FEATURED GUESTS
In alphabetical order:
John Banks is the Director of the Department of Natural Resources for the Penobscot Indian Nation, a federally recognized Indian Tribe in Maine. Mr. Banks has served the Penobscot Nation in this capacity since 1980, following the enactment of the Maine Indian Land Claims settlement Act of 1980. As Natural Resources Director, Mr. Banks has developed and administers a comprehensive Natural Resources management program for his tribe, which advances an integrated management approach, in recognition of the inter- connectedness of all things in the natural world. Mr. Banks has served on many local, regional, and national organization boards including the National Tribal Environmental Council, Native American Fish and Wildlife Society, National Indian Policy Center, and the Tribal Operations Committee with USEPA. Mr. Banks has a BS degree in Forest Protection from the University of Maine, where he was awarded an Indian Fellowship from the office of Indian Education in Washington DC.Leslie Clapp graduated from Ithaca College with a BS in Photography. She traveled extensively and got seriously interested in birds after a trip to East Africa in '99. In 2004, she became the president of Downeast Audubon, a chapter of Maine Audubon, and continues in that role today. She is passionate about creating backyard habitats for birds and teaching others how to improve their yards as well.

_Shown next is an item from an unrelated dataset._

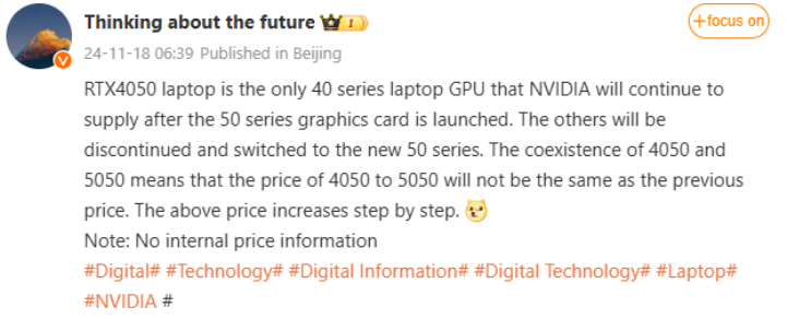 Мобильная карта GeForce RTX 4050 останется в продаже даже после запуска серии RTX 50
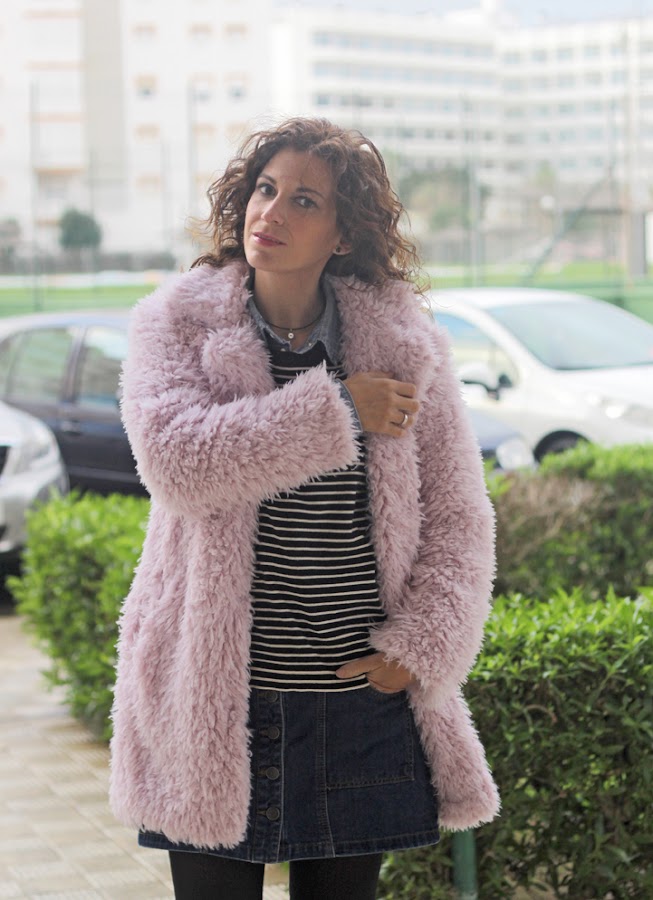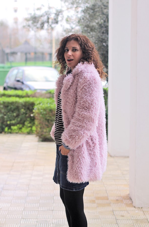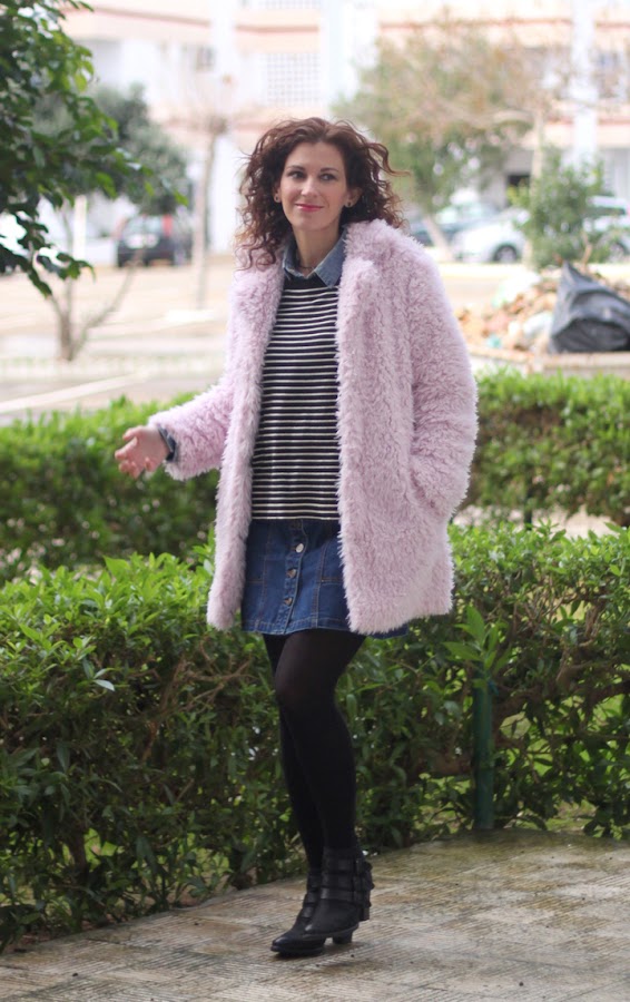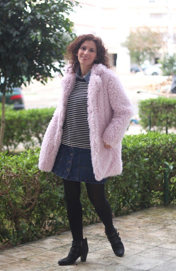 Tengo varios abrigos de pelo en mi armario pero este rosa es mi favorito, será por el color, ya sabéis que me encanta el rosa, pero en realidad también se debe a que es muy cómodo. Aunque es de pelo es muy amplio, no me aprieta en los brazos (odio los abrigos que aprietan y no dejan moverte) y me lo puedo poner incluso con los jerséis que son gorditos *_* En esta ocasión lo combiné con falda vaquera en forma de A y jersey a rayas, aunque me lo podéis ver también en este otro look totalmente distinto, ¿Os gusta el resultado? Ya estamos a mitad de semana ¡Feliz miércoles!

Cheryl Daigle is the community liaison and outreach coordinator for the Penobscot River Restoration Trust. Over the past fifteen years, she has worked with various conservation groups in Maine and Massachusetts, including The Nature Conservancy, Forest Society of Maine, Cobscook Bay Resource Center, and Maine Sea Grant. The focus of her work has primarily been to raise awareness about the natural environment and to engage people in stewardship of their local environment and/or habitat restoration projects. She is also a writer and poet, and serves as a correspondent to Orion magazine. She lives by the Penobscot River with her family in Old Town.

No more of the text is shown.